While Kramer worked cutting the concrete, another worker, Steve Nelson, operated a Case backhoe near the top of the slope. During a repositioning maneuver in which Nelson used the pavement breaker attached to the backhoe's boom as an anchor, the backhoe went out of control and slid or rolled down the hill. The backhoe's shovel knocked Kramer down and dragged him 50 feet. Kramer suffered injuries to his left heel, both ankles and back, as well as numerous scrapes and bruises. Kramer was unable to return to his former employment.
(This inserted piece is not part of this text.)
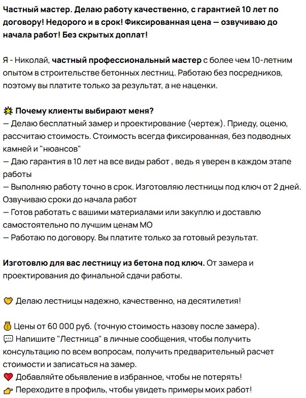 Клиент: Мастер с 10-ти летним стажем. Заливает лестницы и площадки под ключ. По договору, с замерами и гарантиями. Но на Авито заявки не шли.

On July 31, 1986, Kramer filed a product liability action in Bang County Superior Court against several defendants, including Case. He alleged that the backhoe was not reasonably safe in design or construction, and that inadequate warnings were provided. Kramer filed an amended summons and complaint on October 29, 1986, before any defendant filed an answer, and evidently before any defendants were served. Kramer paid a second filing fee at this time. Presumably because of the filing fee payment, the court clerk assigned the amended complaint a new cause number. Case was served with a copy of the amended summons and complaint on October 31, 1986.
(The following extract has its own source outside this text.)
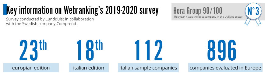 In the Webranking 2019 report on Italian digital communication conducted by Lundquist, in collaboration with Comprend, the Hera Group wins the third position distinguishing itself by the detailed view of the company and its activities and for the completeness of the web site sections focused on sustainability

The matter went to trial in December 1989. The jury entered a defense verdict, finding that Case did not "supply a product in which the boom was not reasonably safe as designed or was not reasonably safe because adequate warnings or instructions were not provided with the product". Consequently, the jury did not reach questions *547 of contributory negligence or damages. Kramer moved for a new trial. The court denied his motion. This appeal followed.

Adequacy of Record

A preliminary issue concerns the adequacy of the record. In an effort to limit his expenditures, Kramer had only a partial verbatim transcript prepared. Case thought the record inadequate and obtained from the trial judge an order requiring Kramer to supplement the existing transcript. Kramer did not do so, and Case moved in this court for an order mandating compliance with the trial court order or dismissing the case. On January 4, 1991, the commissioner denied Case's motion. He ordered that:

The Kramers' appeal on the merits may proceed on the record they have provided. This ruling in no way finds that record sufficient for purposes of appellate review. If a panel later agrees with the trial court that additional record is necessary, it may refuse to consider the issue on appeal. State ex rel. Dean v. Dean, 56 Wn. App. 377, 382, 783 P.2d 1099 (1989).

Case attacks this ruling in its respondent's brief filed 1 month after the commissioner's order. Its attack is untimely. A party aggrieved by a commissioner's ruling can only object by a motion to modify filed no later than 10 days after the ruling is filed. RAP 17.7. If no such motion is filed, the ruling becomes a final decision of the court. Gould v. Mutual Life Ins. Co., 37 Wn. App. 756, 758, 683 P.2d 207 (1984); see also State v. Rolax, 104 Wn.2d 129, 135, 702 P.2d 1185 (1985).

In any event, we see no basis for setting aside the commissioner's riding and dismissing Kramer's appeal. Case has not demonstrated that it suffered any prejudice from the lack of a complete record. There is, therefore, no reason to employ any sanction other than the ordinary sanction of refusing to consider matters for which there is an inadequate record. E.g., State ex rel. Dean v. Dean, 56 Wn. App. 377, 382, 783 P.2d 1099 (1989).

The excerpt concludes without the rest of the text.